Caught with His Compassion Down – Friday 5th week in ordinary time – Mark 7:31-37

Caught with His Compassion Down – Friday 5th week in ordinary time – Mark 7:31-37

As Gospel stories go, this one is odd. We are told that Jesus is in Tyre, of all places, so distant from rural Galilee in terms of mileage as well as culture. Why is he apparently alone and seeking to elude everyone’s notice? (verse 24) Yet he was found by the Syrophoenician woman. (verse25) Now having healed the woman’s daughter of a demon he is on the move again, like a shepherd searching for his stray sheep. All he wants is to heal.

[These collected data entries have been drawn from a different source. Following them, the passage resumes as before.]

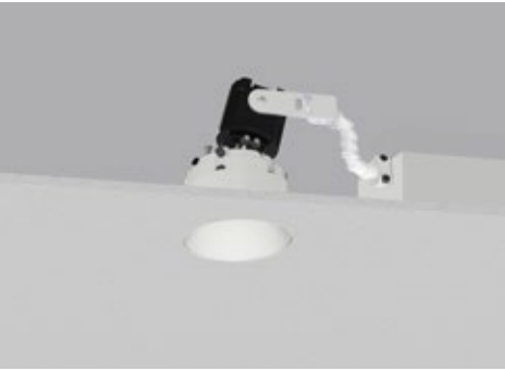
RPT / RRC / OA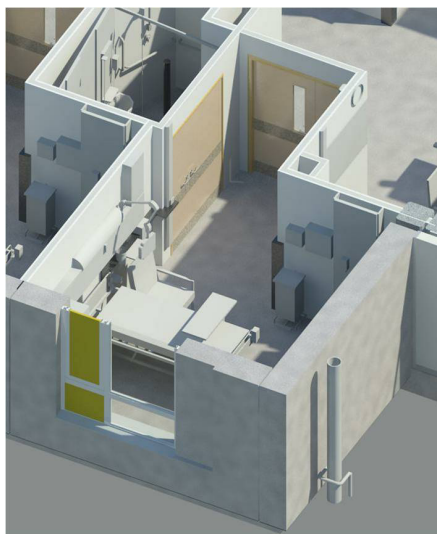
An artist's impression of a single en-suite bedroom in the new hospital

Services on Level 3 include: an Emergency Floor, Acute Admissions, CCU, Critical Care beds, Radiology, Outpatients Department, Ophthalmology, Endoscopy, Dental and Orthodontics and Minor Operations. The Emergency Floor is also integrated with the out-of-hours GP services provided by CHOC (Cumbria Health on Call). Access and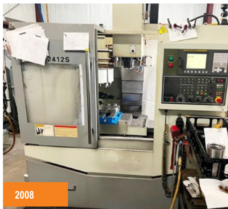
SHARP SV-2412S VERTICAL MACHING CENTER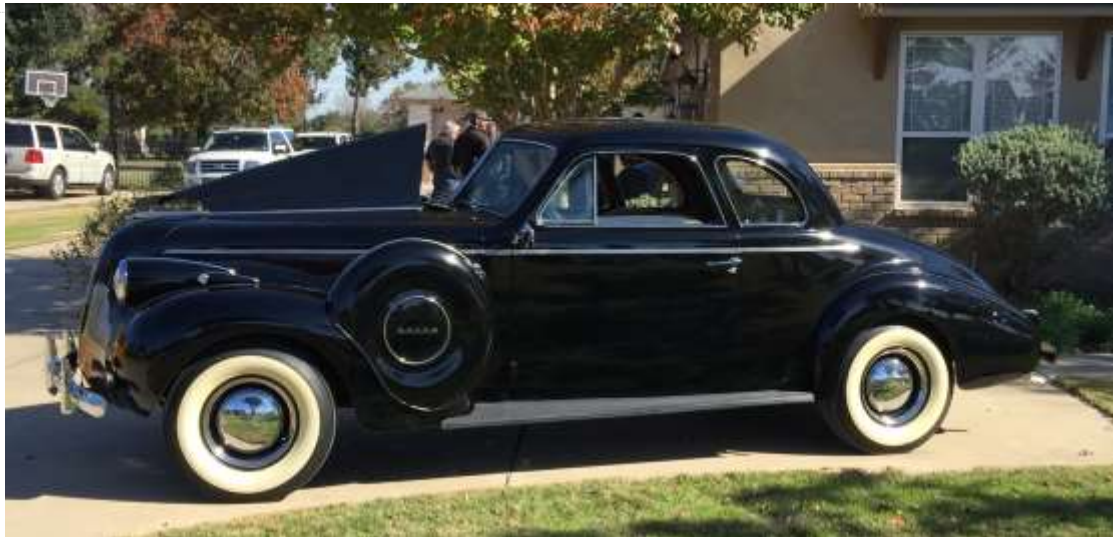
What the ? A 1937 Buick Coupe arrived at the Cherokee Chapter Christmas Party / Annual Meeting!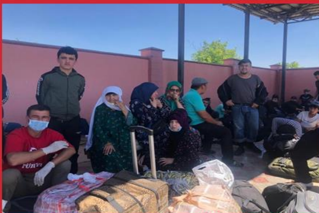
Migrants (the eldest is 92 years old) at the Kazakh-Uzbek border, June 2020.

IOM stays committed to supporting and empowering its NGO partners in delivering humanitarian and legal assistance to vulnerable migrants (VM) and victims of trafficking (VoT) inside and outside of the region.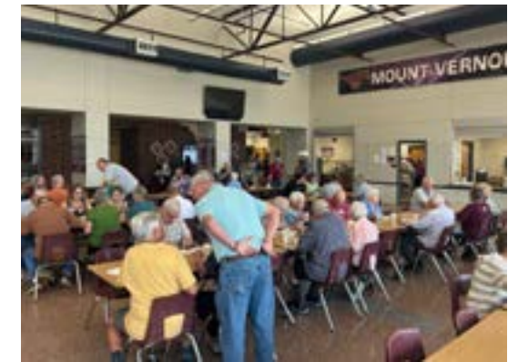
A great crowd enjoying breakfast and conversation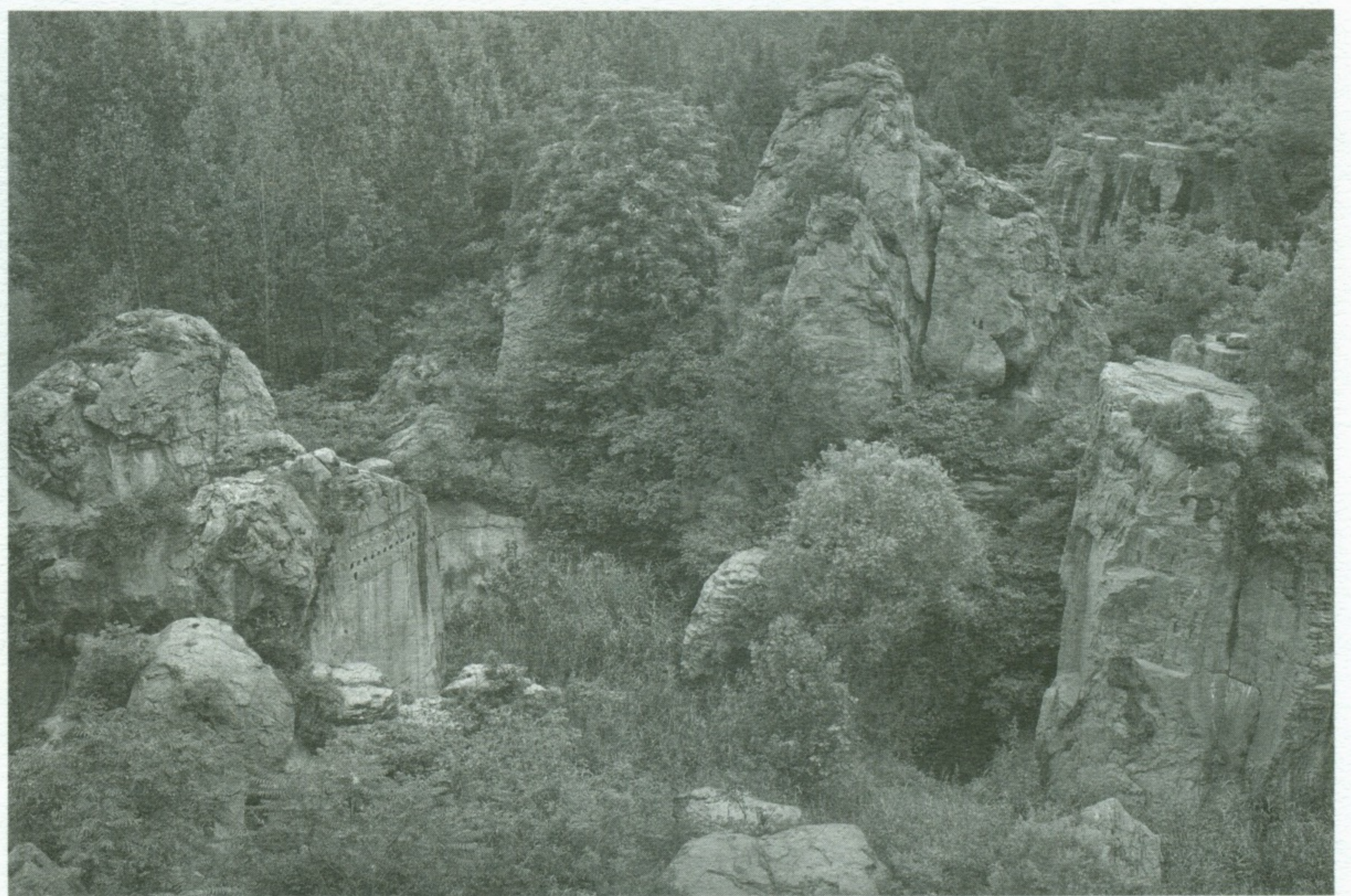
Taca Sui, Shicong , 2015, archival pigment print on baryta paper, 53 x 80 cm.

Taca Sui's photographs are direct inheritors of this search for identity in the physical relics of the past. However, a direct connection with antiquity is impossible to construct using Huang Yi's methods. Following Huang Yi's footsteps through the landscape of contemporary China, Taca Sui has been largely unable to find ancient steles, making documentation of these sites through the production of taben impossible. Even when he does find steles, their faces are worn blank from weathering and cracked with damage. These surfaces resist mechanical reproduction through rubbing, conveying layers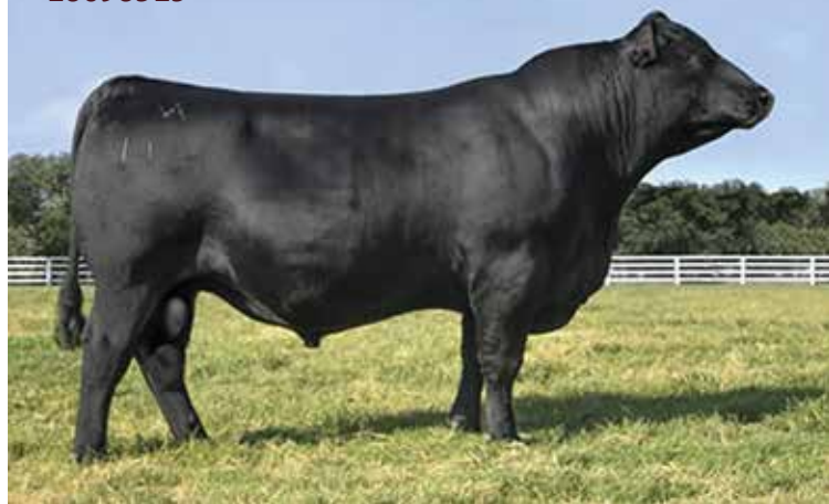
Pictured: V A R Reserve 1111 grandsire of GFAR Reserve E214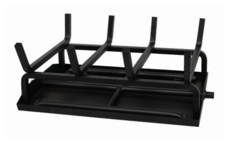
See-Through Burner (B3) (requires see-through log set)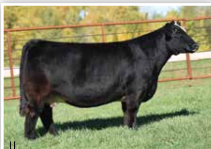
BS CURIOSITY 10G DAM OF LOT B1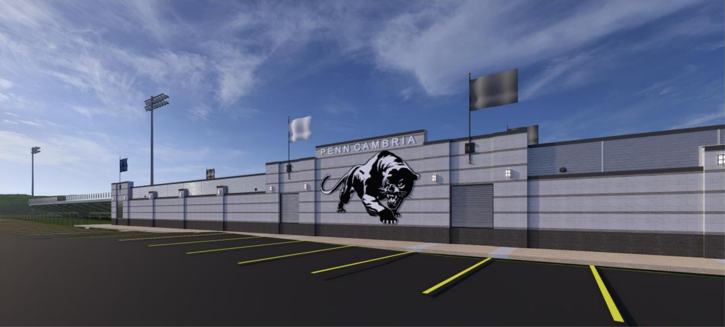
Fieldhouse view from New Parking Area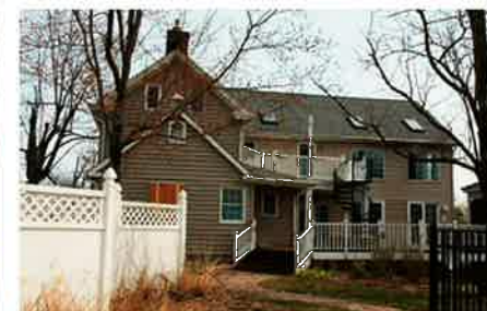
Side elevation (main block is at left)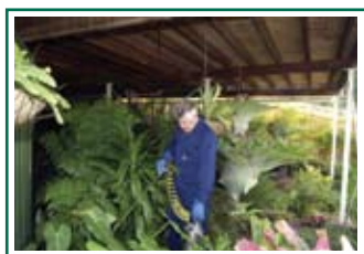
Shaded, dark, humid areas where mosquitoes congregate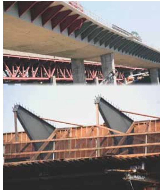
The steel fins that support the 14-ft-long cantilevers are shown in the structure and in place during construction of the concrete formwork.

Precast, prestressed concrete girders were used to span the culturally sensitive Presidio Pet Cemetery and support the falsework bents.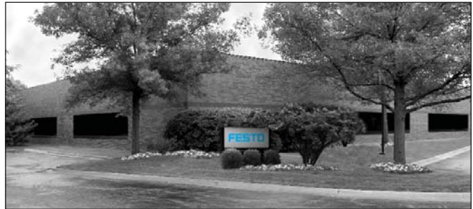
Central: 1441 East Business Center Drive, Mt. Prospect, IL 60056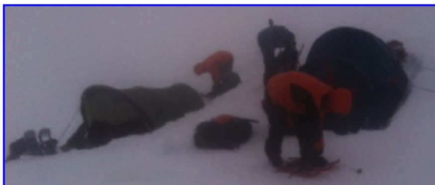
Campsite, Staircase Spur.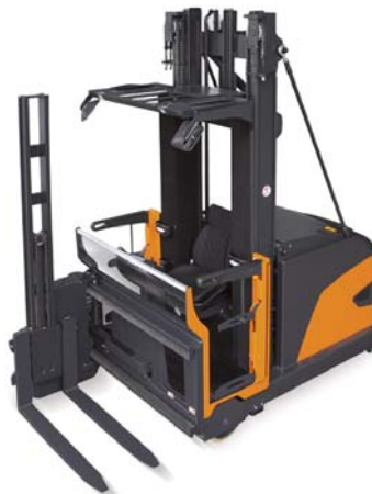
Genius ac capacity 1.0 - 2.0 t MAN UP VNA TRUCK lifting height up to 15.000 mm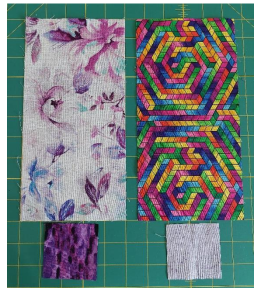
New Flip Flop Block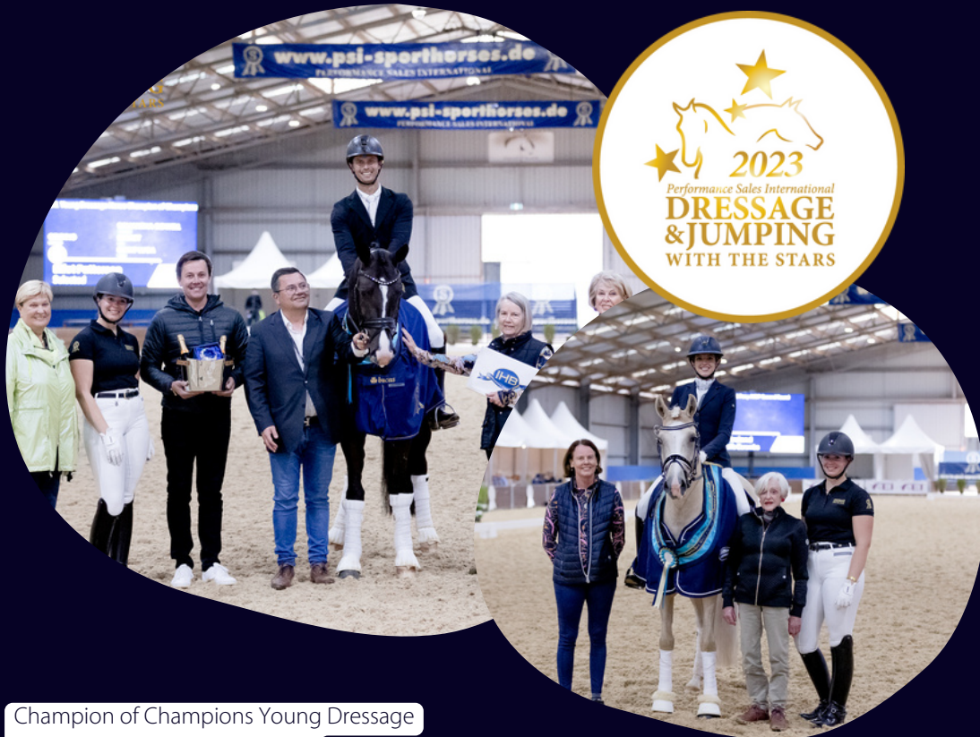
Champion of Champions Young Dressage Horse (top) and Pony (bottom).

P.S.I. Dressage and Jumping with the Stars has come to a close for another year. This event has grown to be the largest multi-discipline event in Australia, with competitions for young dressage horses, jumping horses, eventing horses, and performance ponies. This year's event saw impressive performances from riders and their equine partners.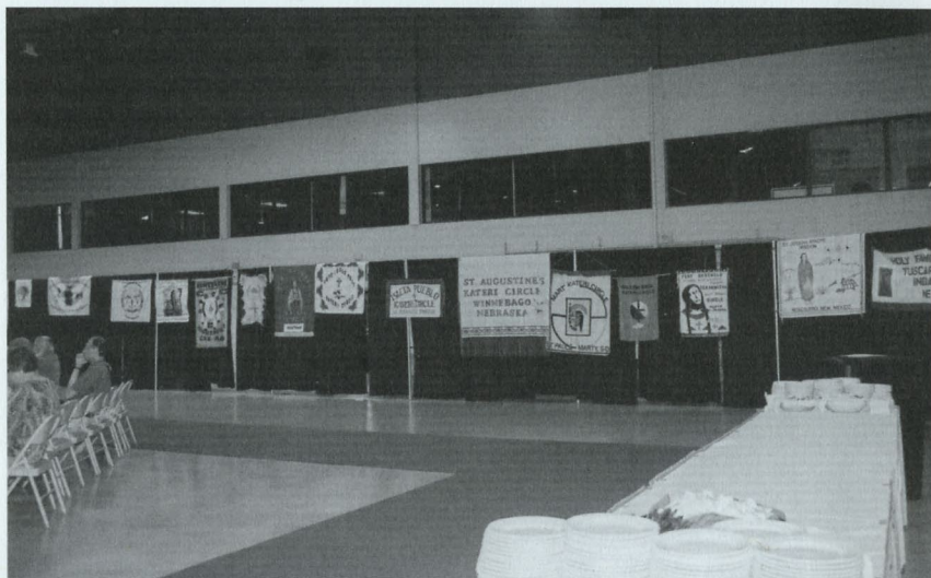
Banners from Kateri Circles from Canada and the United States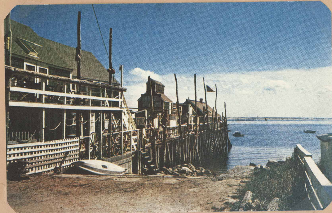
- 1961 -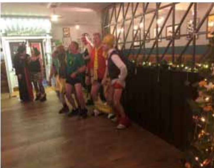
Chippendale's Warming Up for Stripping Orff!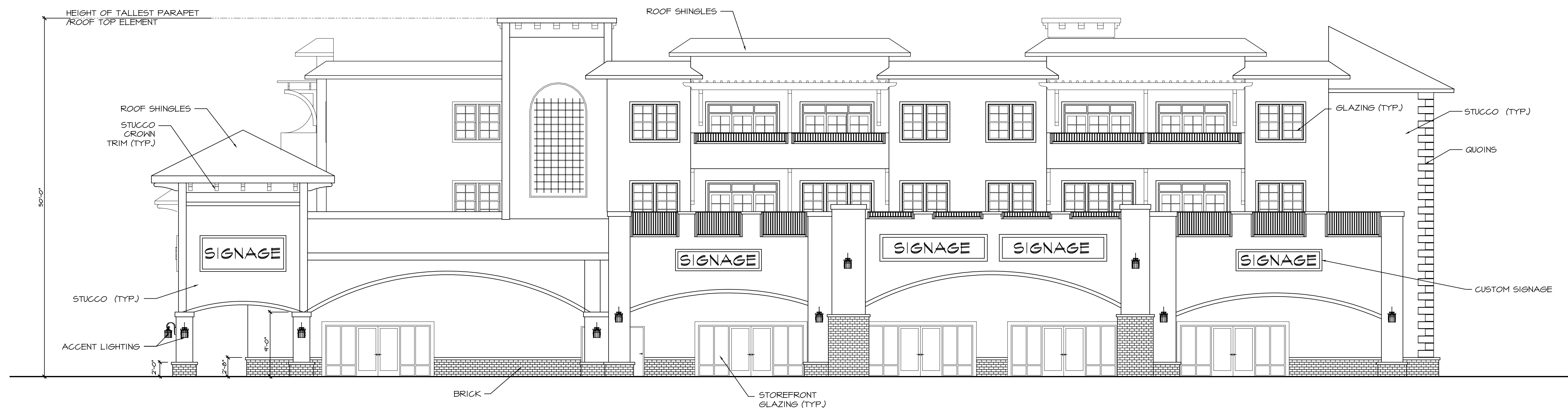
2 RIGHT ELEVATION (EAST VIEW) A1.3A SCALE: 1/8" = 1'-0"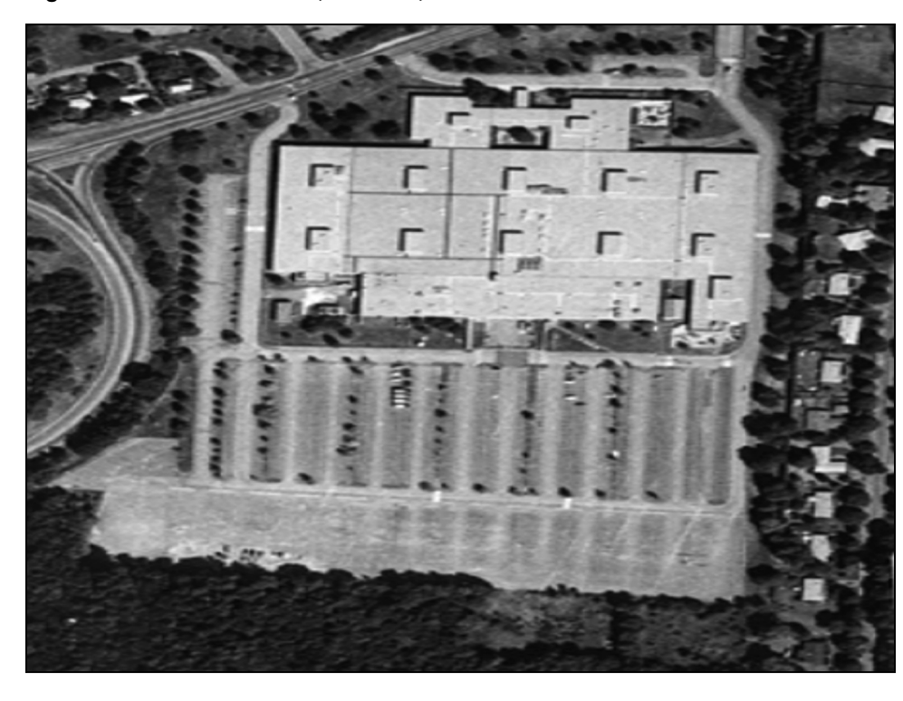
Figure 4: IRS Service Center, Andover, Massachusetts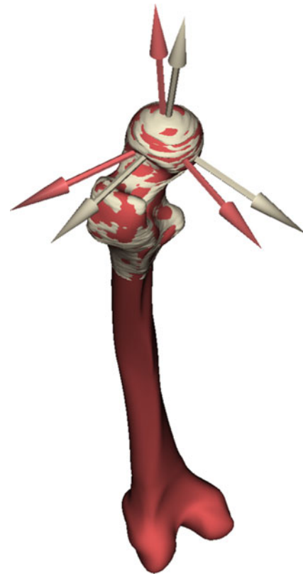
Fig. 1 Variation in femoral reference systems representing the neutral stance position. Reference system in brown colour is generated by employing anatomical landmarks in the proximal femur while the one in red colour is based on the anatomical landmarks in the estimated full femur (Color figure online)

In total, four FE models were developed for each patient to investigate the role of meshing technique and femur orientation method in determining hip fracture risk: model I :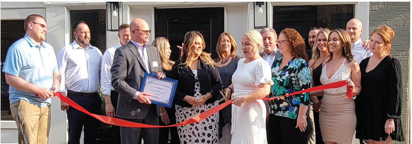
Le Mélange , located at 309 W. Fayette St., Syracuse, celebrates its grand opening.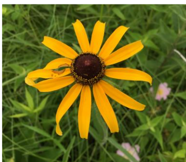
13 Rudbeckia hirta

Yellow coneflower: Drooping yellow ray flowers. Larger leaves pinnately compound.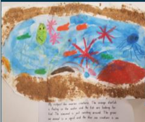
My reefpool has marine creatures. The orange starfish is floating in the water and the fish are looking for food. The seaweed is just swaying around. The green sea anemone is a squid and the blue sea creature is an octopus. Lisa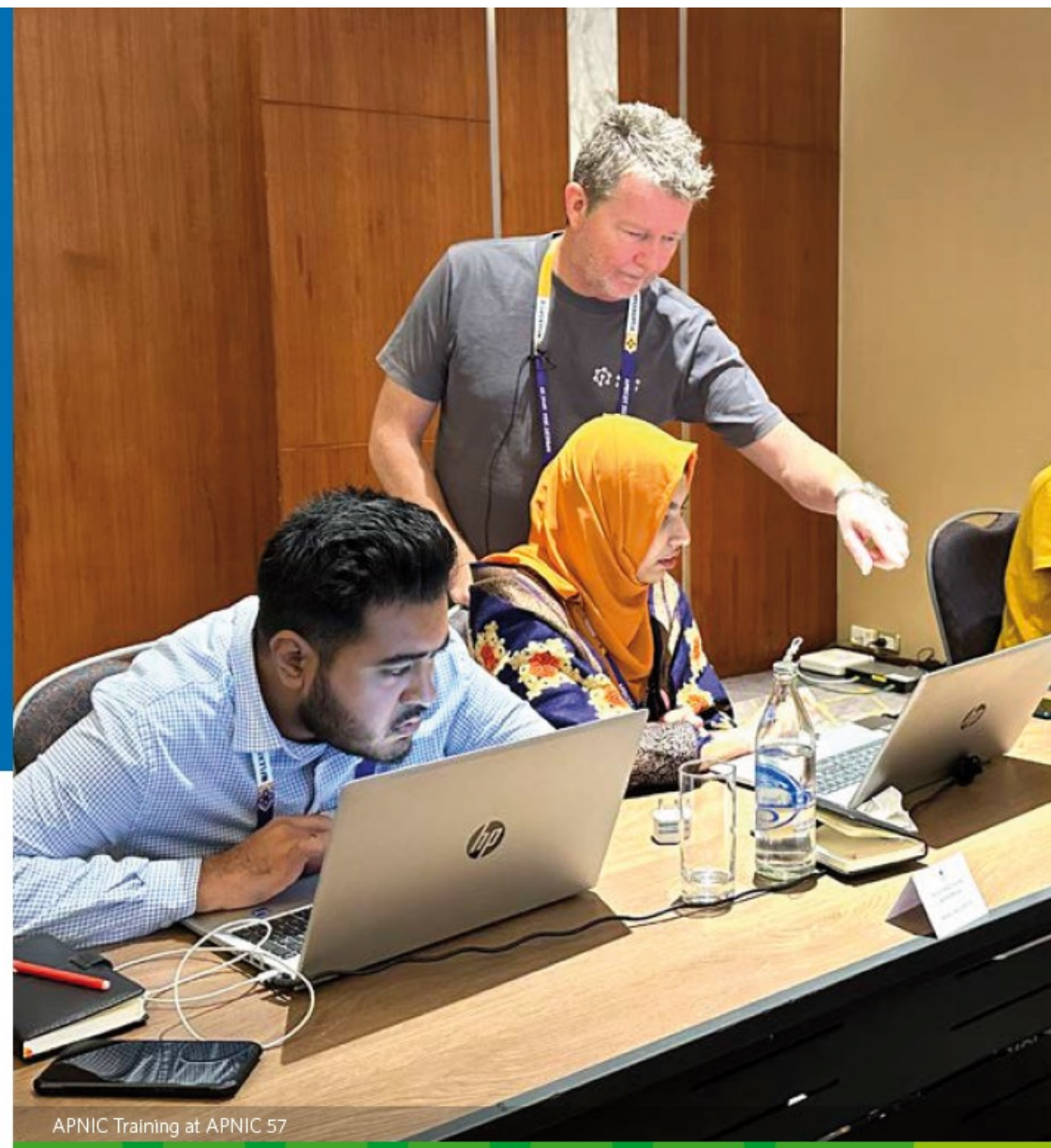
APNIC Training at APNIC 57

Today’s Gospel is another incidence of Jesus caring for those who are suffering from sicknesses and disabilities of one kind or another. ‘They brought to him a deaf man.’ They bring him a man and ask Jesus to lay a hand on him; they did not explicitly as for a cure. We too can often bring others to God’s attention, asking that they may be healed, and that is good. Perhaps we also need to allow others to bring us before God? Do I ask others to pray for me?

Jesus shows great care and sensitivity in his encounter with this deaf man. Deaf persons often say they feel cut off from life and that they are forced to live in a world of their own. Jesus opens out his world again. This man is doubly afflicted – being a foreigner he suffers isolation and is also excluded by his physical impairment. Jesus was distressed at the suffering of this man. Jesus cares in his heart. Religion is about the ordinary, caring about simple truths and actions. The gospel of Jesus doesn’t fudge that issue.

Nobody is excluded from the healing touch of God. Jesus’ action initiates a new age. He doesn’t heal from a distance. He comes close enough to touch us, one by one. Jesus does not see his healing powers as proofs of his divinity, but rather as signs that the God of mercy and goodness is close to us. He heals because he is moved with compassion. He indeed does all things well.

In these days, few make caring for the sick a vocation rather than the profession it has become. That someone could be interested in the sick and especially to be able to cure them is really a gift from God. As Padre Pio said, hospitals are not about doctors but about patients. The focus of the hospital is the desire to serve the sick. Despite the fact that a great number of people who need care and help are neglected in the world today, there still are a great number of people who are dedicated to the poor and the sick. This is a gift from God, both for them and for the people they help.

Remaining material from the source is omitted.